Market Returns & Outlook
The markets continued trending lower in September, with stocks and bonds once again posting negative returns for the month (see table below). Year-to-date returns across major equity indexes, however, range from about 3.6% in the Small and Mid Cap sector to a strong ~27.1% in the tech heavy NASDAQ, substantially outperforming historical annual averages (note, we are only 9 months into 2023) spanning multiple decades. However, the bulk of domestic equity returns have been driven by the “Magnificent Seven” (AAPL, NVDA, MSFT, AMZN, NFLX, META and GOOG). The broader equity markets posted modest gains and the US Small/Mid Cap sector is now underperforming its long-term return trends. A lot of the tapering in risk asset performance is driven by the growing view that monetary authorities will hold rates at 5%+ levels for a longer period than anticipated earlier, given inflation readings remain persistently above the Federal Reserve Bank’s target. In accordance with this expectation, the US bond market is now lower, resulting in a negative YTD return of (1.2)% as of the end of September, with benchmark 10-year US Treasury yields up a sharp 55 basis points or 0.55% during the month.
|Index||YTD TR (%)||August 2023|
|US Large Cap - S&P 500||13.05%||(4.76)%|
|US Large Cap – Tech Heavy NASDAQ||27.11%||(5.77)%|
|International Equity – MSACWI ex US||5.82%||(3.12)%|
|US Small/Mid Cap – Russell 2500||3.57%||(5.59)%|
|Bloomberg Aggregate Intermediate Bond Index||(1.15)%||(2.49)%|
In this regard, the basic premise of asset class returns is that they earn a premium over risk free assets over market cycles. The size of that premium is a function of the anticipated excess cash flows (over the risk-free asset) that the risk asset is expected to generate and how variable (or volatile) the excess cash flows may be. If it is highly conditioned on future growth, the asset is “high beta,” and investors require the risk premium to be high. Conversely, if the excess cash flows are less conditioned on growth, the asset is “low beta,” and the size of the premium is low. And to be sure, if an asset’s cash flow is certain, regardless of growth, it is essentially a risk-free asset, and there is no risk premium or excess anticipated cash flows.
US Treasury Bill Yield and Real Yields on the US 10-Year Treasury Note
Global GDP Growth Outlook
Higher interest relative to the decade following the end of the Great Financial Crisis is now a global phenomenon, particularly following the disruptions in supply chains and the extraordinary expansion in money supply during Covid -19. As long as inflation remains above the Federal Reserve Bank’s 2% target, we do not expect the Fed to reduce the overnight Fed Funds rate absent a large geopolitical shock or a sudden unanticipated collapse in consumer spending or business investment. With major global central banks largely following the Fed’s monetary posture, the outlook for global growth is moderating which tempers our view on the performance outlook for riskier assets.
With the outlook for growth and earnings looking tempered going forward, we at Trajan Wealth believe that we can significantly enrich our clients’ investment outcomes by prudently allocating portions of their long-term investment portfolios towards private assets.
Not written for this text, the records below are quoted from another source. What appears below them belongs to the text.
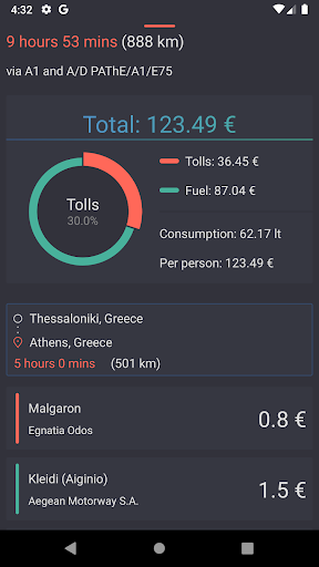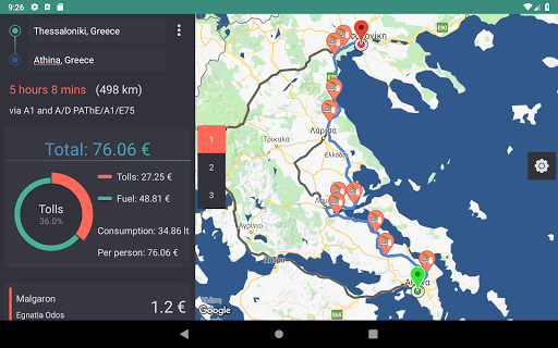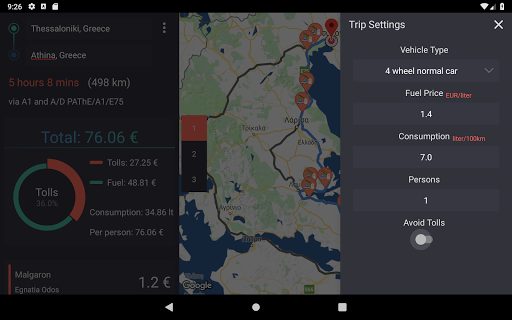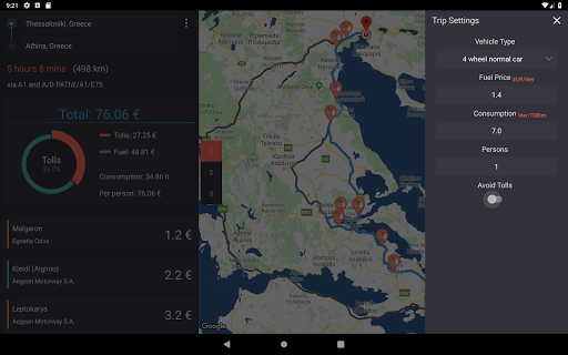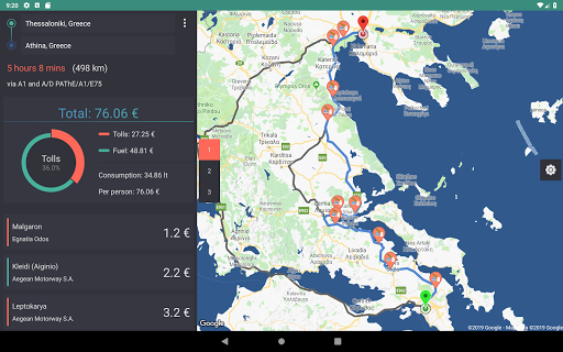 The application is fully up to date and it identifies all of the expected Toll Stations in any given route in Greece, where it also calculates the fuel cost for all vehicle and motorcycle categories of the trip, providing rich, meaningful and updated travel cost data where you can save, edit and share.
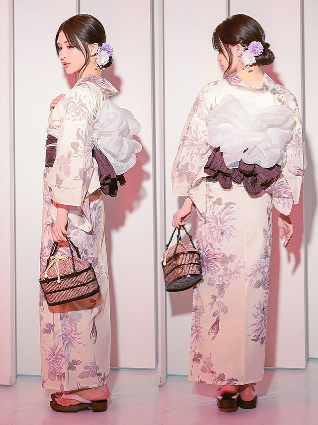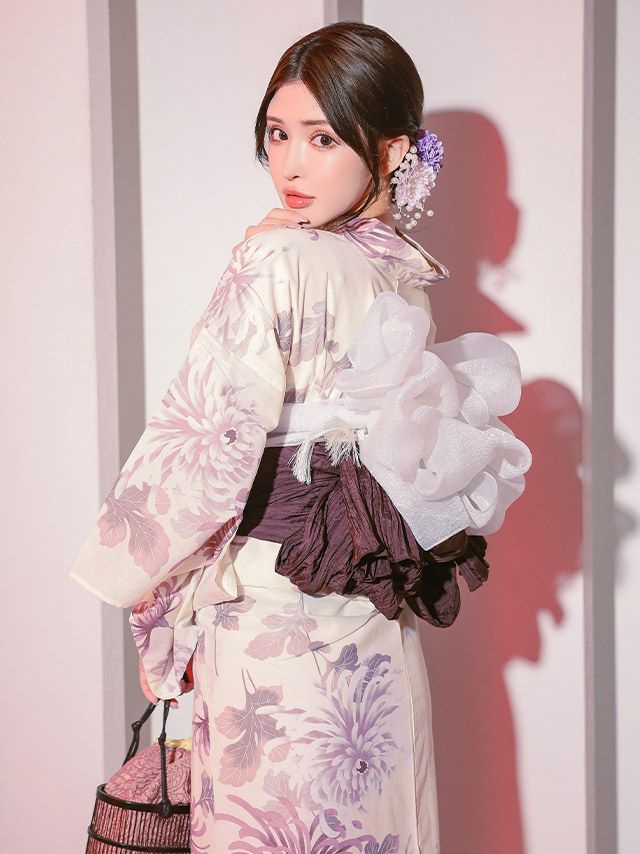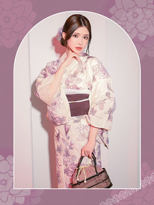 4. 浴衣 妖艶 生成り地×ピンクパープル乱菊 ゆかた3点セット (浴衣+兵児帯+下駄)
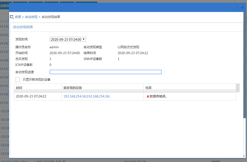 有台交换机在imc平台上点击自动发现以后识别成pc,我从资源管理内将其删除,另外登陆交换机设置snmp后返回IMC平台添加设备并选择相关ssh参数和snmp参数,就提示数据库失败。 是什么问题,更改了这台交换机IP后再添加也是一样的毛病。求解
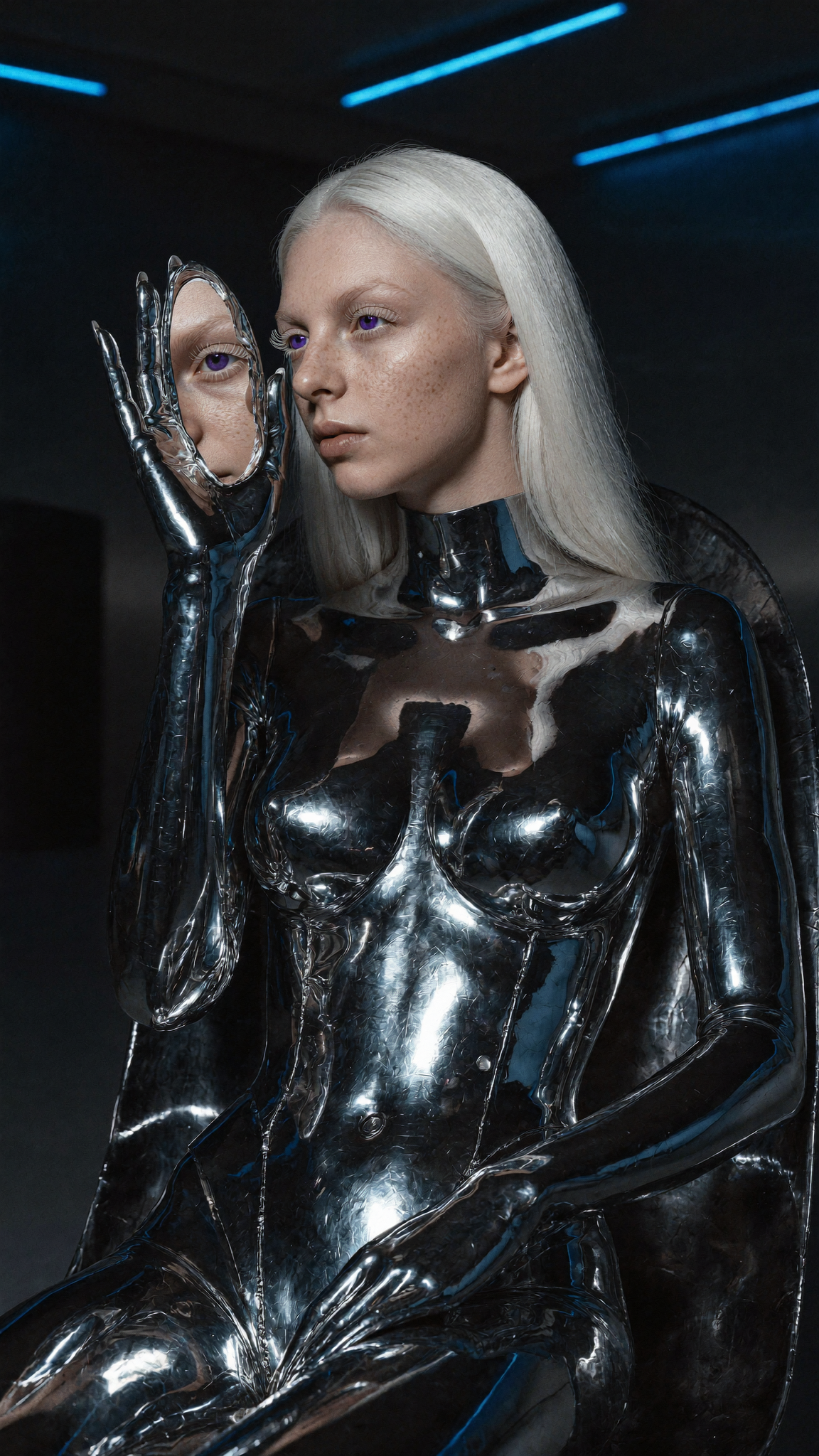 The specimen arrived at this desk under the title "[Protocol: Terminal Optimization]. ✅ Liquid metal…", posted to the subreddit r/AIGeneratedArt and bearing the signatures of midjourney production: the plastic dermis, the light that does not agree with itself from one side of the face to the other, the pupils rendered as decorative holes. These are the usual coordinates. They are not the specimen. The specimen is the title.
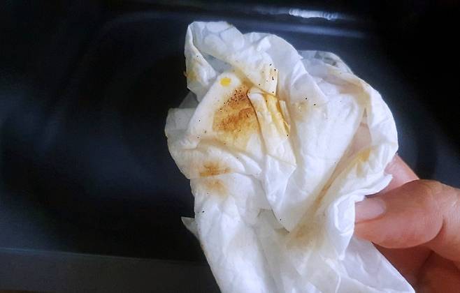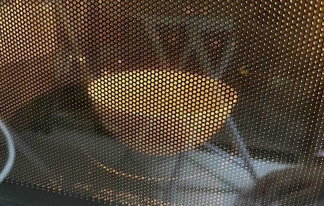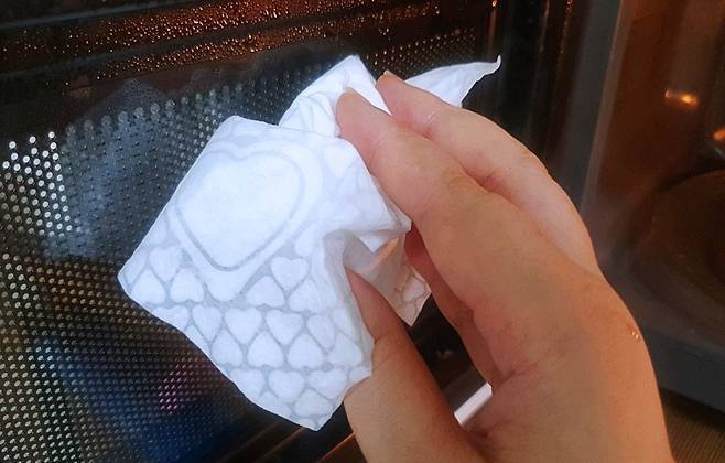 잠시 후 열어보면 전자레인지 내부에 수증기가 가득한데요. 물티슈로 구석구석 닦아줍니다. 그러면 수증기에 불려진 찌든 때가 아주 잘 닦이는데요.
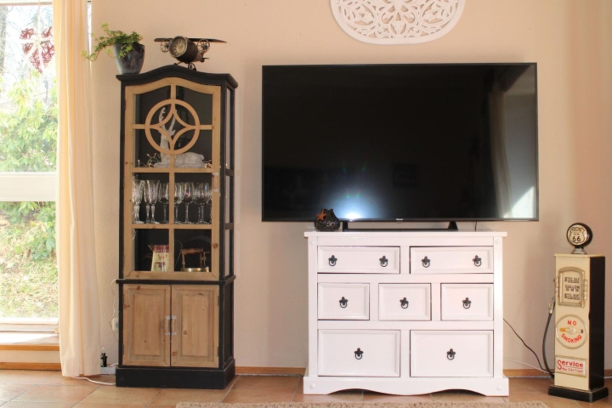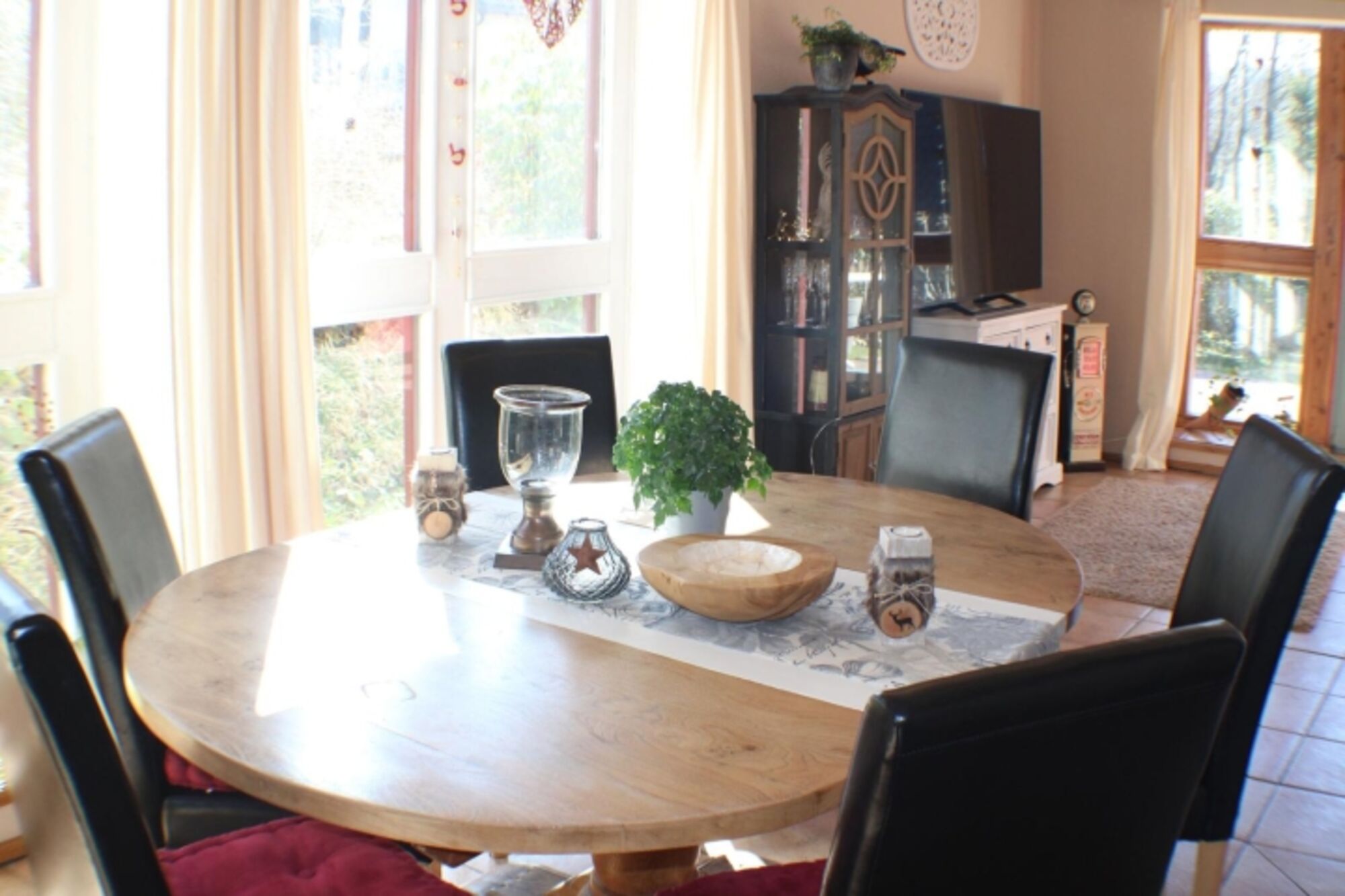 Die Einrichtung besticht durch ihren besonderen Charme im trendigen und modernen Stil. Die großen Holzbalken an der Decke sorgen für einen rustikalen Landhauslook. Im Wohnzimmer befindet sich ein 65 Zoll Fernseher mit Smart TV und 4 K. Die 3 Schlafzimmer bieten ausreichend Platz für 6-8 Personen und der knisternde Kaminofen im offenen Wohn-/Ess- und Kochbereich sorgt für eine gemütliche Atmosphäre. Außerdem befindet sich im Erdgeschoss noch ein Gäste-WC. Das sonnendurchflutete und helle Ferienhaus ist voll ausgestattet und wird regelmäßig modernisiert. Unsere Küche ist perfekt für Sie eingerichtet. Sie finden unter anderem eine Kaffeemaschine, Senseo Padmaschine, Mikrowelle, Wasserkocher, Herd, Backofen, Eierkocher, Geschirrspüler, Kühlschrank und Minigefrierschrank und ein umfangreiches Sortiment an Geschirr und Gläsern.
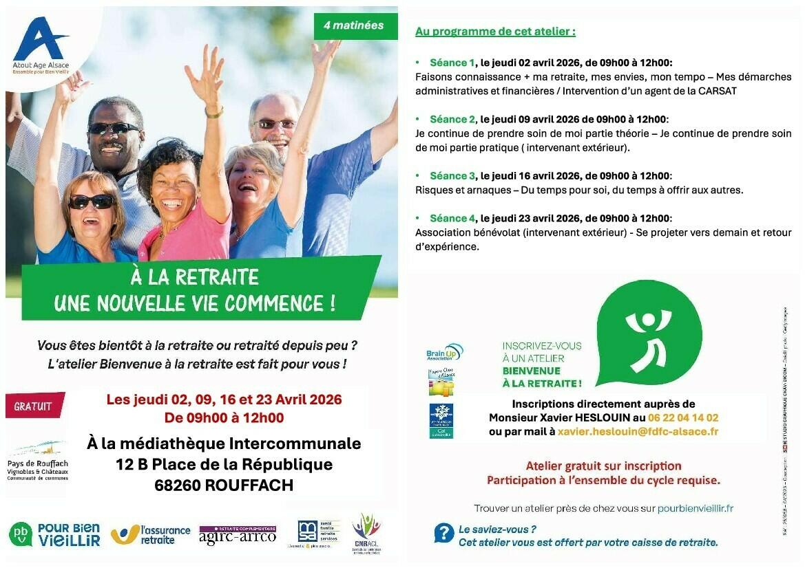 Bienvenue à la Retraite 3/10/26 Vous êtes ou vous serez bientôt à la retraite, 4 ateliers vous sont proposés
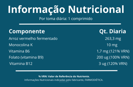 A Monacolina K é um composto secundário que resulta do processo de fermentação do arroz vermelho e que contribui para a manutenção de níveis normais de colesterol no sangue. Vários estudos em humanos, aos quais foram administrados produtos com arroz vermelho fermentado, com quantidades significativas de Monacolina K, demonstraram haver uma relação direta entre a sua toma e a redução dos níveis de colesterol total e colesterol LDL. A estrutura molecular da Monacolina K é semelhante à da lovastatina, pelo que o seu mecanismo de ação está relacionado com a inibição da enzima HMG-CoA redutase, tendo como consequência a diminuição da síntese endógena de colesterol.
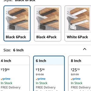6 pack in black. 6 inches long shelf brackets. Upgrade your space with these modern black wall shelf brackets, perfect for a sleek and stylish look.
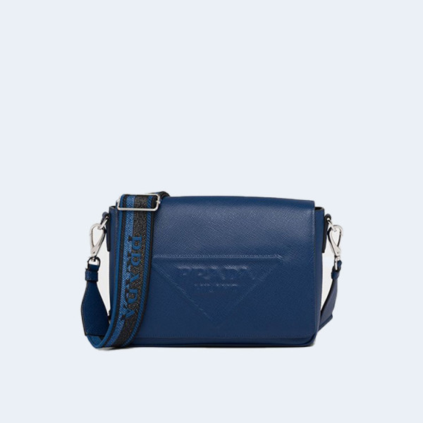 프라다 사피아노 레더 스트랩 숄더백 블루
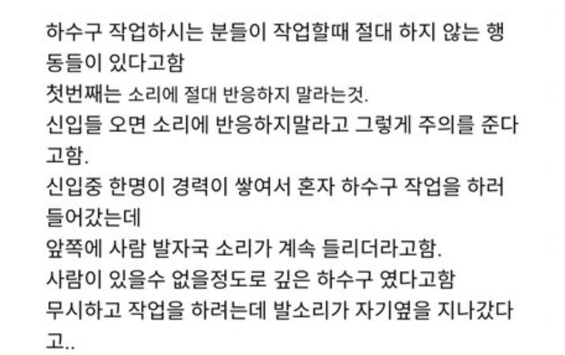 하수구 작업하시는 분들의 금기사항
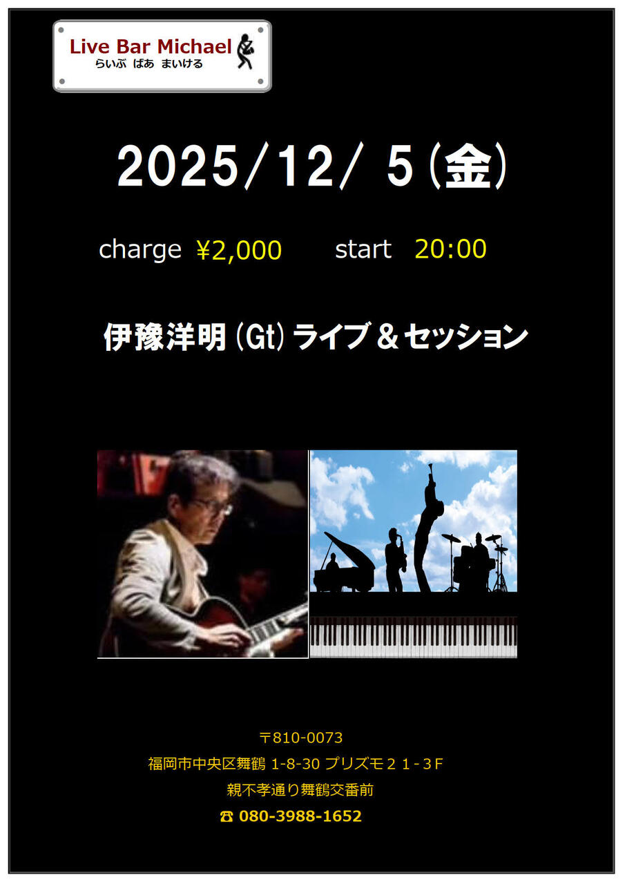 - 出 演 : 伊豫洋明(Gt)ライブ&セッション2000円20:00スタート

As mentioned in previous monthly newsletters, private assets are assets that are not traded in the public markets and include the equity – Private Equity, and debt – Private Credit of private companies, Private Commercial Real Estate, and Private Infrastructure Funds – pools of capital invested in private infrastructure projects, to name a few. Being private assets, these asset classes are significantly illiquid, taking as much as a decade for the return of and the returns on invested capital. However, they tend to command a veritable and persistent illiquidity premium – and since valuation changes only reflect durable changes in earnings and cash flow, they tend to be less volatile than publicly traded assets – the absence of momentum trades, short interest or short covering, algorithmic trading and leveraged trades that result in amplifying volatility in publicly traded assets.
We continue to advocate an elevated level of diversification across asset classes and develop specific asset allocation perimeters that cater to individual risk-tolerance thresholds. In the context of higher yields and the prospect of slower economic growth, Fixed Income assets should command a higher weighting in most portfolios. We also believe that non-traditional asset classes – “real assets” such as real estate and infrastructure, as well as private equity and private credit, merit consideration given the real portfolio enhancement opportunities as we transition to a potentially lower growth environment. With investors with a long-term investment horizon, the illiquidity premium in private assets is an attractive source of additional returns. The great news is that private assets, once the sole purview of institutional investors, are gradually being democratized with developments in technology and changes in the regulatory environment.